Updated results from the VERSATILE-002 Phase 2 clinical trial indicate that Versamune® HPV, in combination with KEYTRUDA® (pembrolizumab), shows promise as a first-line treatment for patients with HPV16-positive recurrent/metastatic head and neck squamous cell carcinoma (HNSCC). The data, presented at the European Society for Medical Oncology (ESMO) Congress 2024, highlight a significant improvement in median overall survival compared to pembrolizumab alone.
The single-arm Phase 2 trial (n=53) demonstrated a median overall survival (mOS) of 30 months (95% CI: 19.7 months to not reached). This is a notable improvement over the 12-18 months mOS typically observed with pembrolizumab monotherapy, as cited in previous studies. The objective response rate (ORR) was 36% (19/53 patients), and the disease control rate (DCR) reached 77% (41/53 patients).
Significant Tumor Shrinkage Observed
Notably, 21% of patients (11/53) experienced deep tumor responses, with shrinkage ranging from 90% to 100%. A complete response was observed in 9% of patients (5/53). These results suggest a potentially durable and effective anti-tumor response with the combination therapy.
Tolerability and Safety
The combination therapy was generally well-tolerated. Treatment-related adverse events of Grade ≥3 were reported in 9 patients (Grade 3, n=8; Grade 4, n=1), indicating a manageable safety profile.
Expert Commentary
"The updated response data we presented at ESMO show the strong clinical activity and durability of Versamune® HPV plus pembrolizumab," said Jared Weiss, M.D., Section Chief of Thoracic and Head/Neck Oncology, Professor of Medicine at the University of North Carolina, and principal investigator of the VERSATILE-002 clinical trial. "Continued evaluation shows the promise of this combination in improving survival for patients with HPV16-positive HNSCC."
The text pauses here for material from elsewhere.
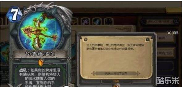 法术猎在近期能够崛起的一个重要原因,就是因为这张法术弓的出现。7费4/2,从攻击属性上来说非常一般,但是考虑到他的战吼效果,能将许多的法术牌加入到自己的手牌中,这样来看这把武器就非常优质了。当然最好你要祈祷一下,因为给予你的法术牌是随机的,所以,假如你在没有亡语随从的情况下,却送给了你一张装死,这不就是非常尴尬的事情了么。

VERSATILE-003 Phase 3 Trial Planned
Building on these promising Phase 2 results, PDS Biotech plans to initiate the VERSATILE-003, a global, randomized, controlled Phase 3 clinical trial, later this year. This trial will evaluate Versamune® HPV plus pembrolizumab versus pembrolizumab monotherapy as a first-line treatment for patients with HPV16-positive R/M HNSCC with CPS ≥1.
Market Opportunity
The global HNSCC market is projected to reach $4.5 billion by 2027, presenting a substantial commercial opportunity for PDS Biotech if the Phase 3 trial is successful and leads to regulatory approval. Versamune® HPV has already been granted Fast Track designation by the FDA, potentially accelerating its path to market.
About Versamune® HPV
Versamune® HPV is PDS Biotech's lead investigational targeted immunotherapy. It is being developed in combination with a standard-of-care immune checkpoint inhibitor, and also in a triple combination including PDS01ADC, an IL-12 fused antibody drug conjugate (ADC), and a standard-of-care immune checkpoint inhibitor.